↓↓↓

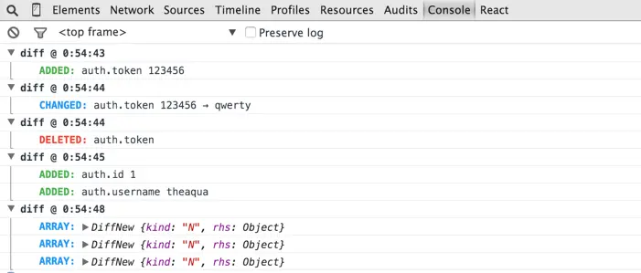 无论你是使用 console.log 打印 state,还是使用 debugger 启动 dev tools 审查、调试 state,你其实都是想捕捉 state 中前后 发生变化的值。Redux diff logger 正能肩负此任,它会打印出 state 中所有发生变化的值。
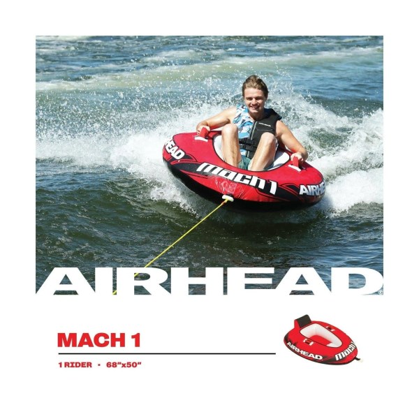 With an inflatable floor where riders sit low, toward the back of the tube, the Mach 1 provides a stable ride that rarely flips on waves or wakes—even at high speeds. Nylon handles with neoprene knuckle guards offer a comfortable, secure hold for young and old alike. Use the Boston valve to quickly inflate or deflate the heavy-gauge PVC bladder. A Kwik-Connect tow point starts one watersports adventure after another in very little time. With welded seams, it’s built to withstand years of use and abuse. A double-stitched nylon cover included with Airhead’s Mach 1 Cockpit Towable Tube offers even more protection
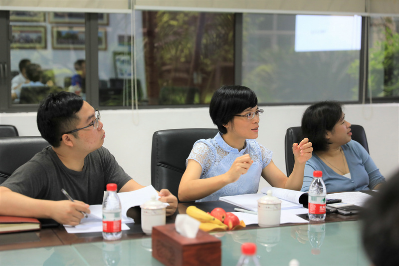 ▲松山湖科創(chuàng)局領(lǐng)導(dǎo)討論項(xiàng)目市場應(yīng)用情況
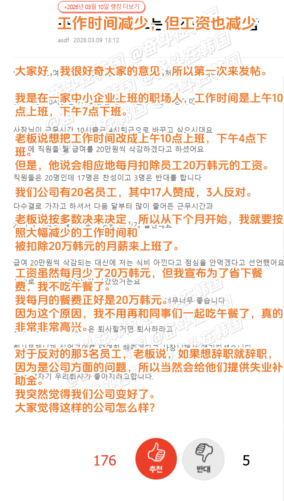 热帖:大家同意工作时间减少,但工资也减少吗?海外新鲜事热点现场
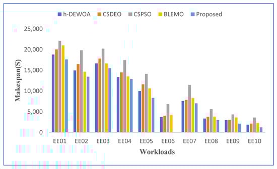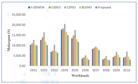 The graphical representation of the best makespan results for all scheduling strategies is shown in Figure 6 and was obtained by running the EE01–EE10 workloads of the HPC2N trace. The graph makes it clear that, out of all scheduling strategies, the proposed technique leads to the lowest makespan findings. It provides compelling evidence of the proposed scheme’s stability and robustness. The worst outcomes, which include unanticipated terrible behavior, are produced by other meta-heuristic techniques such as CSPSO and BLEMO, which are notably different from the others. However, compared to these methods, the h-DEWOA meta-heuristic produced better results.
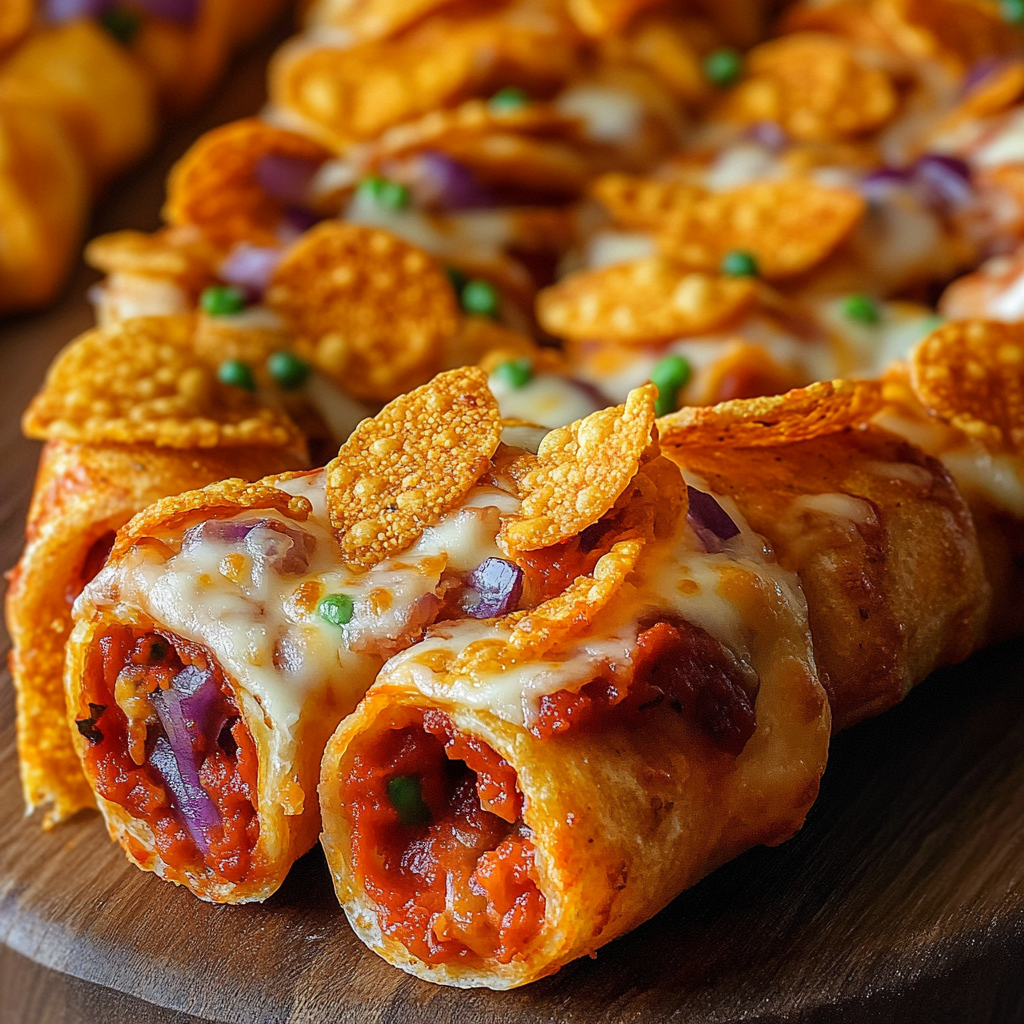 Les roulés Pizza Doritos sont des bouchées apéritives croustillantes et gourmandes, parfaites pour une soirée entre amis!

↑↑↑

» Problem statement:
Would you restate, word for word, the lines from the one holding "热帖:大家同意工作时间减少,但工资也减少吗?海外新鲜事热点现场" through the end of the material above? Omit the pictures.

» Final answer:
 热帖:大家同意工作时间减少,但工资也减少吗?海外新鲜事热点现场
 The graphical representation of the best makespan results for all scheduling strategies is shown in Figure 6 and was obtained by running the EE01–EE10 workloads of the HPC2N trace. The graph makes it clear that, out of all scheduling strategies, the proposed technique leads to the lowest makespan findings. It provides compelling evidence of the proposed scheme’s stability and robustness. The worst outcomes, which include unanticipated terrible behavior, are produced by other meta-heuristic techniques such as CSPSO and BLEMO, which are notably different from the others. However, compared to these methods, the h-DEWOA meta-heuristic produced better results.
 Les roulés Pizza Doritos sont des bouchées apéritives croustillantes et gourmandes, parfaites pour une soirée entre amis!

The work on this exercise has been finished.